Page MenuHomeSoftware Heritage

swh.lister.npm: Add an incremental npm lister
ClosedPublic

Authored by anlambert on Fri, Nov 30, 2:57 PM.

Details

Summary

This new lister enables to get only new or updated npm packages since
the last listing operation.

As I explained in the task description, the idea would be to use the
full npm lister for creating the first batch of oneshot loading tasks
for npm packages. Then, use this incremental lister on a regular basis
to only get relevant packages to load again.

Related T1378
Closes T1398

Diff Detail

Repository
rDLS Listers
Lint
Automatic diff as part of commit; lint not applicable.
Unit
Automatic diff as part of commit; unit tests not applicable.

Event Timeline

anlambert created this revision.Fri, Nov 30, 2:57 PM

Sounds fine.

As usual, the diff is long because of the test data file ;)

swh/lister/npm/lister.py
152

i do not see anything on the file passing this line, don't you have to add the pass keyword at least?

I have just a couple of questions ;)

swh/lister/npm/lister.py
57–58

Why oneshot?

anlambert marked 2 inline comments as done.Fri, Nov 30, 3:40 PM
anlambert added inline comments.
swh/lister/npm/lister.py
57–58

In order to only create loading tasks when it is needed. The npm registry is pretty huge (more than 800 000 packages in it) so to avoid having too much recurring tasks, I think the approach "ingest all packages once then ingest only those with updates at the next listing" is better here.

152

Good catch!

anlambert updated this revision to Diff 2369.EditedFri, Nov 30, 3:42 PM

Update: Add missing pass keyword

ardumont added inline comments.Fri, Nov 30, 3:52 PM
swh/lister/npm/lister.py
57–58

I'm not completely convinced.
We are far from the 80M from the git repositories for example ;)

It's my understanding that the javascript world moves a lot. Won't that create a lot of oneshot tasks anyway?

Another question pops up. What's a package?
Is it an archive of source code archive at a specific version or a group of source code archives (1 per version)?

anlambert marked an inline comment as done.Fri, Nov 30, 4:09 PM
anlambert added inline comments.
swh/lister/npm/lister.py
57–58

It's my understanding that the javascript world moves a lot. Won't that create a lot of oneshot tasks anyway?

Surely, but less than having recurring tasks for all available packages. From my point of view, if we can benefit from a listing
that returns only updated packages since the last time, we should exploit it. Having a tons of recurring tasks that will
do nothing more after the first ingestion (for no more maintained packages for instance) feels wrong to me as it will
delay the ingestion of relevant ones.

Another question pops up. What's a package?
Is it an archive of source code archive at a specific version or a group of source code archives (1 per version)?

In the npm semantics, a package is a project so you can see it as a group of source code archives (1 per version).

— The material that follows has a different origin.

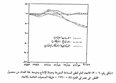 ولتوضيح طريقة تنفيذ ورسم هذا النوع من الرسوم البيانية نقوم بتحويل القيم الأصلية للظاهرات المختلفة في التمييز بين كمياتها (فدان ، أردب ، ألف طن) إلى نسب مئوية بعد نسبتها إلى أساس رقمى محدد من قيمة معلومة (قيمة الأساس). وستوضح النتيجة اتجاه الزيادة أو التناقص عن قيمة الأساس. فمثلاً لو كانت لدينا البيانات التالية عن محصول القطن المساحة، ومتوسط غلة الفدان، وكمية الإنتاج خلال فترات زمنية متعاقبة وأردنا معرفة اتجاه التطور فيها، فإننا نعتبر بيانات الفترة الأولى هي قيمة الأساس والمقارنة ونعتبر نسبتها في هذه الحالة 100% ثم بعد ذلك نقوم بقسمة جميع قيم الظاهرة الواحدة على قيمة نسبة الأساس ويضرب الناتج فى 100 لنحصل عليها النسبة المئوية للظاهرة للوحدة في الفترة الزمنية المحددة. وتوقع هذه النسب على الرسم البياني لتحصل منها منحني بياني يوضح الاتجاه العام لهذه الظاهرة. ويتبع هنا نفس الأسلوب الكارتوجرافي مع الخطوط البيانية البسيطة كما يتضح من الشكل رقم (9 - 3) ومن دراسة الشكل يمكن استخلاص الكثير من الحقائق التي قد لا توضحها البيانات الأصلية، كما يمكن أن نستنتج من الرسم البياني مباشرة نوع الارتباط بين أية ظاهرة وظاهرة أخرى أو بين ظاهرة وعدة ظاهرات أخرى وذلك بمقارنة الاتجاه العام للمنحنيات الخاصة بكل منها.

ardumont accepted this revision.Fri, Nov 30, 4:11 PM
ardumont added inline comments.
swh/lister/npm/lister.py
57–58

Surely, but less than having recurring tasks for all available packages. From my point of view, if we can benefit from a listing
that returns only updated packages since the last time, we should exploit it. Having a tons of recurring tasks that will
do nothing more after the first ingestion (for no more maintained packages for instance) feels wrong to me as it will
delay the ingestion of relevant ones.

Now, i'm sold \m/

This revision is now accepted and ready to land.Fri, Nov 30, 4:11 PM
olasd added a subscriber: olasd.Fri, Nov 30, 4:55 PM

Our policy up until now was not to trust update feeds, and to keep low-frequency recurrent tasks for all origins, even when having an update feed available to do higher frequency oneshot tasks.

If we decide that we should change the policy, we should do it globally rather than in a single lister.

Our policy up until now was not to trust update feeds, and to keep low-frequency recurrent tasks for all origins, even when having an update feed available to do higher frequency oneshot tasks.
If we decide that we should change the policy, we should do it globally rather than in a single lister.

Not sure if we must change our policy globally but I think it worth a try to do it for npm as their feed update works like a charm.

Nevertheless, I will add the possibility to configure the policy when creating tasks.
This way all type of loading policy can be handled.

anlambert updated this revision to Diff 2381.Fri, Nov 30, 5:59 PM

Update: Allow to set loading task policy through configuration

anlambert updated this revision to Diff 2382.Fri, Nov 30, 6:02 PM

Update: Set default task policy to 'recurring'

anlambert updated this revision to Diff 2400.Mon, Dec 3, 6:00 PM

Update: Use a different config file name for the incremental lister

This revision was automatically updated to reflect the committed changes.